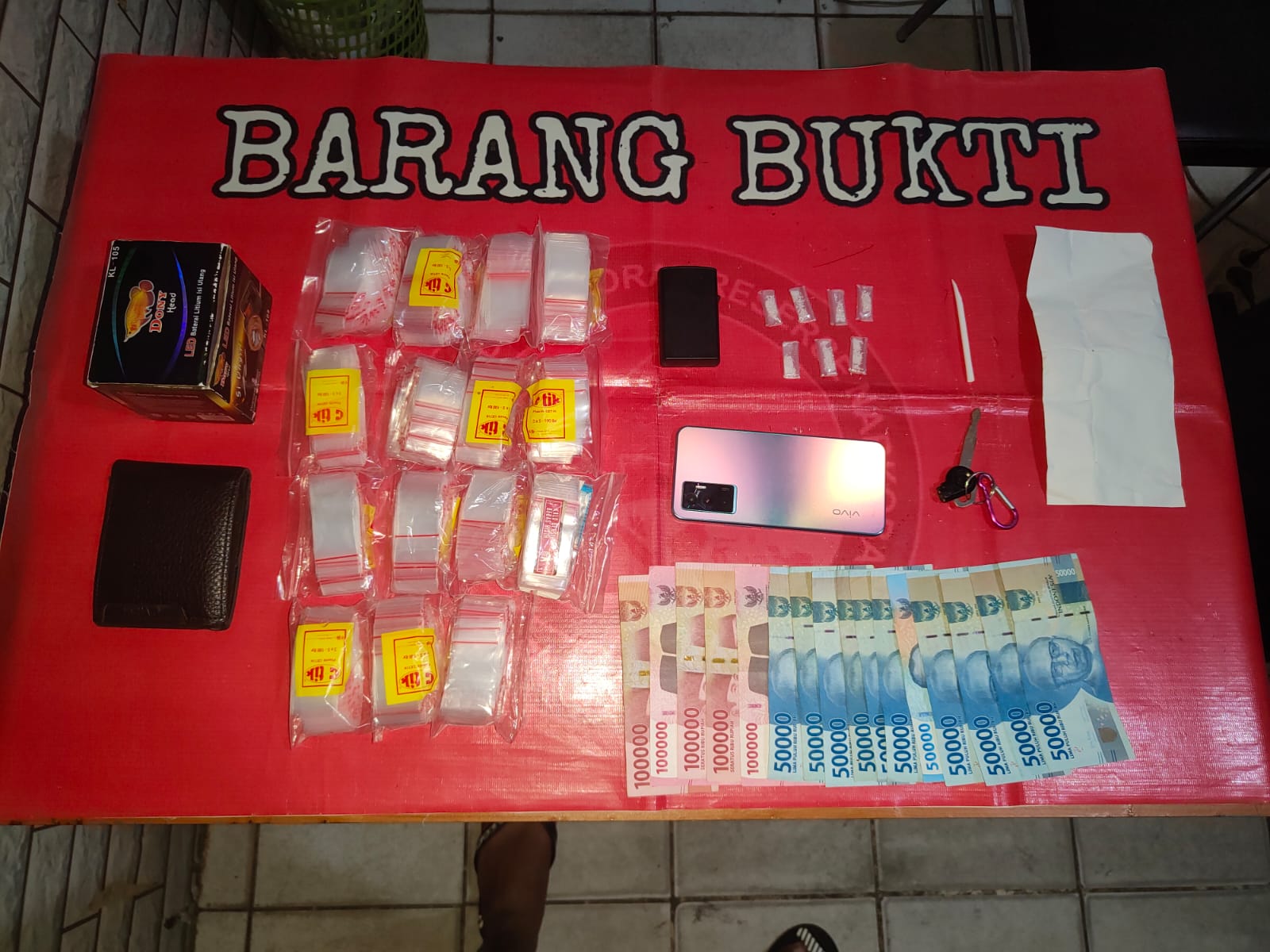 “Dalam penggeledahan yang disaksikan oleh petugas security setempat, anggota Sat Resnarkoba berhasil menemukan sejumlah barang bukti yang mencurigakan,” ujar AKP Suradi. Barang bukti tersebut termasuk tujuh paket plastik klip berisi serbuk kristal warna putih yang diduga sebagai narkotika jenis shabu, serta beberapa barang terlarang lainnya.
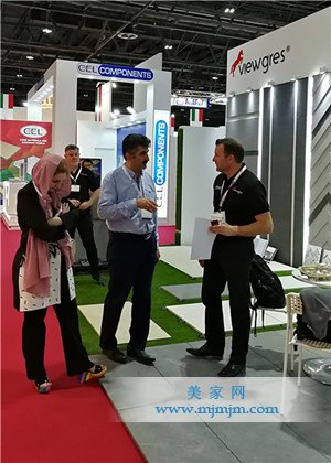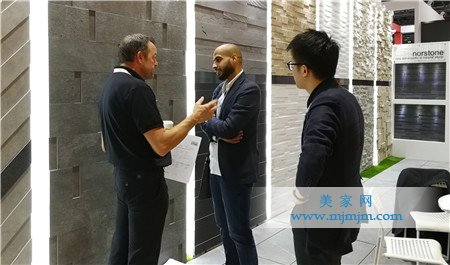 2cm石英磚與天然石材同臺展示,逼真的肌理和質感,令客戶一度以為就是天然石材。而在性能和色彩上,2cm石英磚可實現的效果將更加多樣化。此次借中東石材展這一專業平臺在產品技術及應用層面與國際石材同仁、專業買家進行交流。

* * *

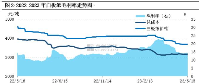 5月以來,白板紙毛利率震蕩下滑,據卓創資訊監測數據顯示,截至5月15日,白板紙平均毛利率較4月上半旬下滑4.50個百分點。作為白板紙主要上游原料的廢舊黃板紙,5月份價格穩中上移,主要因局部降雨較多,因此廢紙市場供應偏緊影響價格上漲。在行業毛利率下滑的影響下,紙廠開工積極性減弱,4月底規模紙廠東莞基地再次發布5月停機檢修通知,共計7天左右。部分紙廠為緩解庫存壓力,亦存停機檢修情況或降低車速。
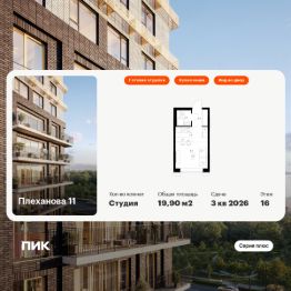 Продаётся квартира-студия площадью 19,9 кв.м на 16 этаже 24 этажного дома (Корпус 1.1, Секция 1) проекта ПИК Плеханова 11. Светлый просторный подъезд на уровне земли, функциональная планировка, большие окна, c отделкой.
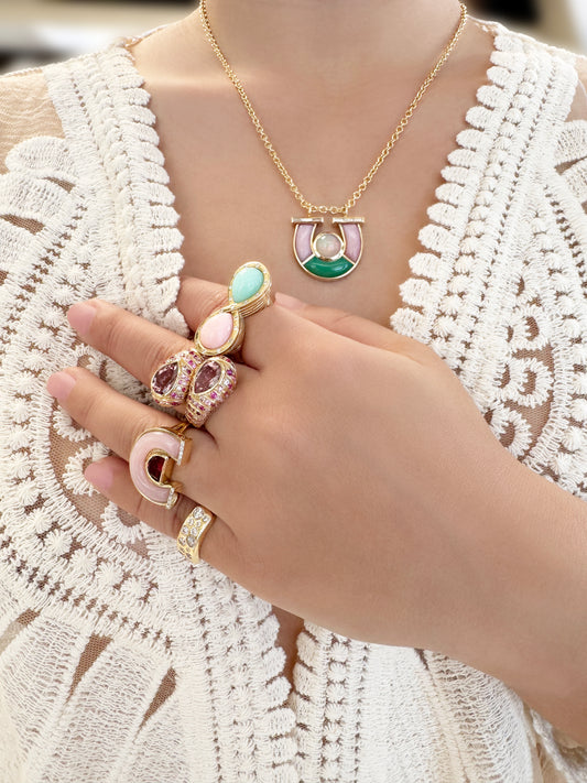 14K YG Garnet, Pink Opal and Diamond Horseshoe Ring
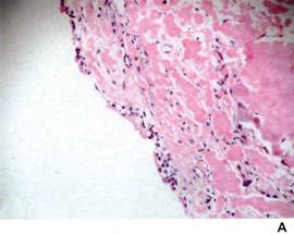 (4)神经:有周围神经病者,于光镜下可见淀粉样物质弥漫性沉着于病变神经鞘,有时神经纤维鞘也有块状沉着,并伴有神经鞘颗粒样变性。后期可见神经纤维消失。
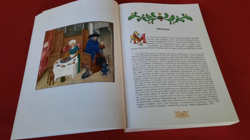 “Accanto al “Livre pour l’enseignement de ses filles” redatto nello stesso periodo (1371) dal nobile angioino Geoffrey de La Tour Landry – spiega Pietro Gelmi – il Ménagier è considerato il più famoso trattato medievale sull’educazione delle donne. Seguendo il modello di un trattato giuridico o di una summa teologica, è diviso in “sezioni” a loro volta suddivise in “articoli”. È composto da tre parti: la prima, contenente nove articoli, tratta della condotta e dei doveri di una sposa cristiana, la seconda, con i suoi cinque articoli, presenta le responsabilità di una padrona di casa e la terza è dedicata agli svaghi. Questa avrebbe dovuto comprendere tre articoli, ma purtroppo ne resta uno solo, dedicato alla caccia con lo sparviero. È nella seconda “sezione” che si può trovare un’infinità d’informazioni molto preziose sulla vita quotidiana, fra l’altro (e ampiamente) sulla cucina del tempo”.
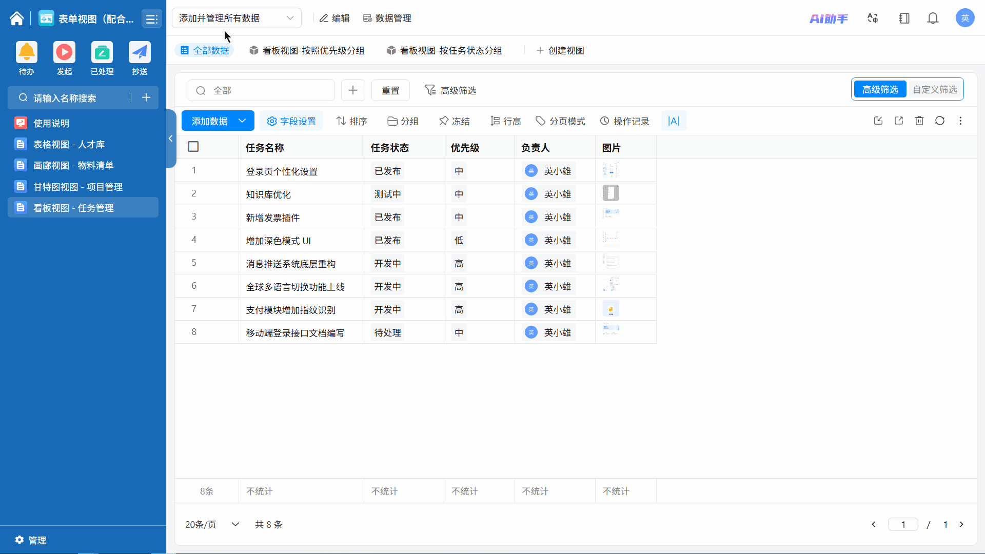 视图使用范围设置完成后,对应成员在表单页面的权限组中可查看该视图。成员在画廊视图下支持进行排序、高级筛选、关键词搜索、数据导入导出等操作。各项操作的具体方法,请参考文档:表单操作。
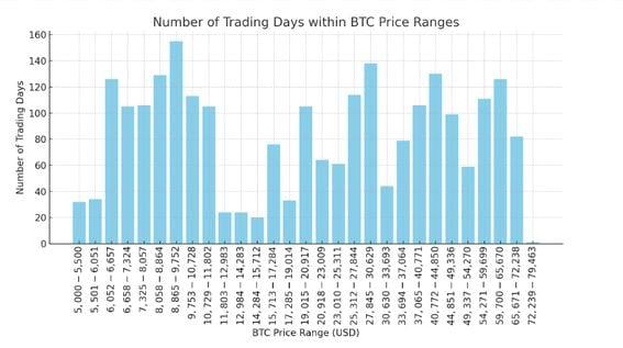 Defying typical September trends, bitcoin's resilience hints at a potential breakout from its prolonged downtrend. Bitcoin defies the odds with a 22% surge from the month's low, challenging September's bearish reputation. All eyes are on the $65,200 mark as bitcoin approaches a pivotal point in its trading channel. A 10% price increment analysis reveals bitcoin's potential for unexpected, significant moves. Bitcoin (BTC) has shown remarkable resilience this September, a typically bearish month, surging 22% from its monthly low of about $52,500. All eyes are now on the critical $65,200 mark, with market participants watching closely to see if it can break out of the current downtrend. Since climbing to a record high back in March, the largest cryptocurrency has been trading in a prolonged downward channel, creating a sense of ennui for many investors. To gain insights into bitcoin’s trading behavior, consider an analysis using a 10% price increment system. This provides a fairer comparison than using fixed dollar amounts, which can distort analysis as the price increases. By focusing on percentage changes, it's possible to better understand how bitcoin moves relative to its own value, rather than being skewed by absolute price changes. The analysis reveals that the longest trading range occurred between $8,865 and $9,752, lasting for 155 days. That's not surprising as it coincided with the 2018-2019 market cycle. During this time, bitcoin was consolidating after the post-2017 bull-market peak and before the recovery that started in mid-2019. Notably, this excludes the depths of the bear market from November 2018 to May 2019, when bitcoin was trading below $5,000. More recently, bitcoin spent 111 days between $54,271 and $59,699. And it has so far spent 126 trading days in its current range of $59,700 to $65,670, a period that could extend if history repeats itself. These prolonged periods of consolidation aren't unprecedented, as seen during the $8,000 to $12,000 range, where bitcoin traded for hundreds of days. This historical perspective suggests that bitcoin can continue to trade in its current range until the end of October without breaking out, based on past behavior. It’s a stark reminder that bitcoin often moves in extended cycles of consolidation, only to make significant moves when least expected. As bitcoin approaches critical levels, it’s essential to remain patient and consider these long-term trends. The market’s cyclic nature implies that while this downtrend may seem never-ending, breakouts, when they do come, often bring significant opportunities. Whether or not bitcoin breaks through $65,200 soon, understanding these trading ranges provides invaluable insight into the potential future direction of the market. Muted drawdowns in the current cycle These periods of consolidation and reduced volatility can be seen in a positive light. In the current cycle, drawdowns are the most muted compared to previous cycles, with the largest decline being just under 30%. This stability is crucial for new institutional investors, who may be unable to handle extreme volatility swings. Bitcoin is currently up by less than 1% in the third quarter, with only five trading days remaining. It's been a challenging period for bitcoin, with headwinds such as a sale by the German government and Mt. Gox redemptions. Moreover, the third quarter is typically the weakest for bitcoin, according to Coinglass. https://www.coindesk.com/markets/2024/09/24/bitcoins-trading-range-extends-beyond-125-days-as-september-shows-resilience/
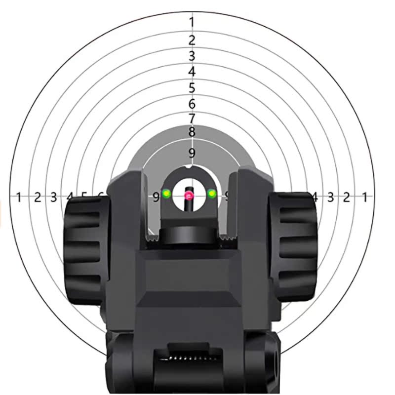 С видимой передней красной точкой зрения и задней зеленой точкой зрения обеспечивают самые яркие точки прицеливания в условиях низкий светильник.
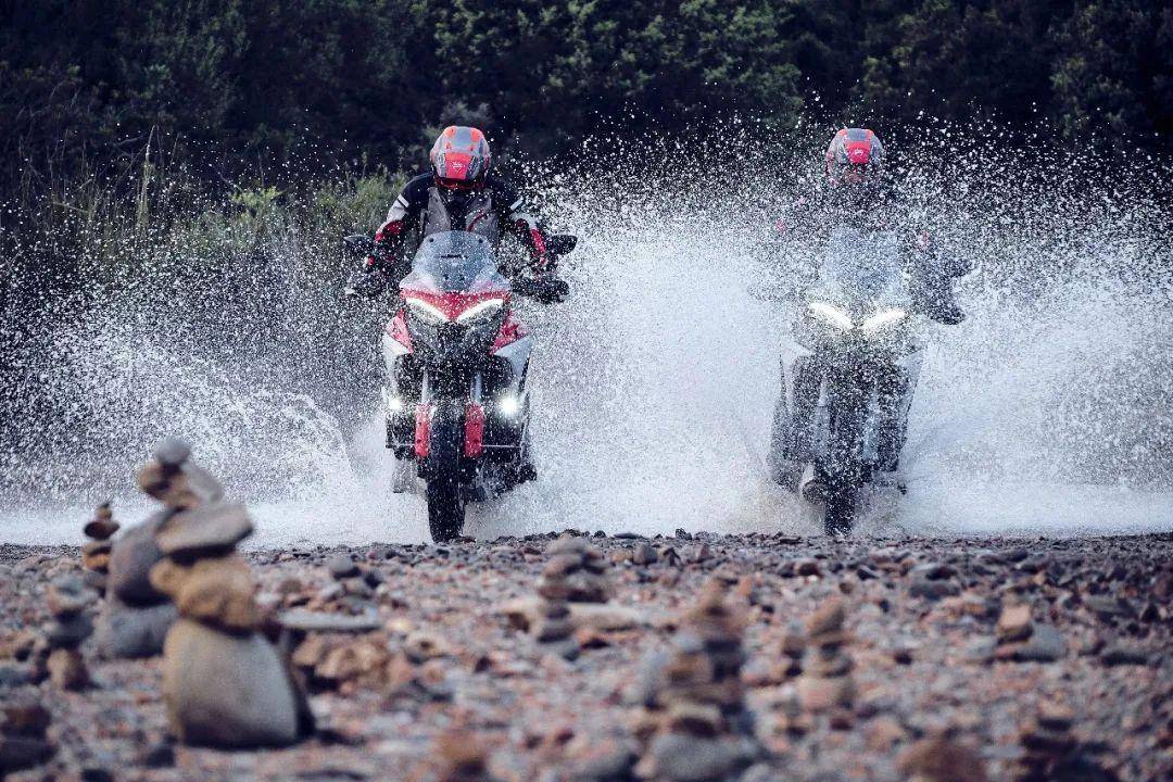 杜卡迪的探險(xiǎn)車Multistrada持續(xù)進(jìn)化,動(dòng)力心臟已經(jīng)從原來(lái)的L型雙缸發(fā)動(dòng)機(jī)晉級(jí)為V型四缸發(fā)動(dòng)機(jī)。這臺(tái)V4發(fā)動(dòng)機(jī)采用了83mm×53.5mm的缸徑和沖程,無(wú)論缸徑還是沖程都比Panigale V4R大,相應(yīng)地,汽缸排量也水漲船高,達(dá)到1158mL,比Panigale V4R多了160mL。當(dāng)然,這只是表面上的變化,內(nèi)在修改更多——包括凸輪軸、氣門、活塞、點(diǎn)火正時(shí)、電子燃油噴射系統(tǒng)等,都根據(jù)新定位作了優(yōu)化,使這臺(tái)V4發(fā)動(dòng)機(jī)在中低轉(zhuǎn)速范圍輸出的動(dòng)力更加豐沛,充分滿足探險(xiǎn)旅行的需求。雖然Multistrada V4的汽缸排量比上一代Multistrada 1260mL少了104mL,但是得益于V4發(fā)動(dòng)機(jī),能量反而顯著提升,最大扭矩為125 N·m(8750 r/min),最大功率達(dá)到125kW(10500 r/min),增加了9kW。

• _Problem_: Extract, without any images, the part of the material above that opens with the line containing "5月以來,白板紙毛利率震蕩下" and closes with the line containing "(4)神经:有周围神经病者,于光镜下可见", both lines included.

• _Exercise solution_:
 5月以來,白板紙毛利率震蕩下滑,據卓創資訊監測數據顯示,截至5月15日,白板紙平均毛利率較4月上半旬下滑4.50個百分點。作為白板紙主要上游原料的廢舊黃板紙,5月份價格穩中上移,主要因局部降雨較多,因此廢紙市場供應偏緊影響價格上漲。在行業毛利率下滑的影響下,紙廠開工積極性減弱,4月底規模紙廠東莞基地再次發布5月停機檢修通知,共計7天左右。部分紙廠為緩解庫存壓力,亦存停機檢修情況或降低車速。
 Продаётся квартира-студия площадью 19,9 кв.м на 16 этаже 24 этажного дома (Корпус 1.1, Секция 1) проекта ПИК Плеханова 11. Светлый просторный подъезд на уровне земли, функциональная планировка, большие окна, c отделкой.
 14K YG Garnet, Pink Opal and Diamond Horseshoe Ring
 (4)神经:有周围神经病者,于光镜下可见淀粉样物质弥漫性沉着于病变神经鞘,有时神经纤维鞘也有块状沉着,并伴有神经鞘颗粒样变性。后期可见神经纤维消失。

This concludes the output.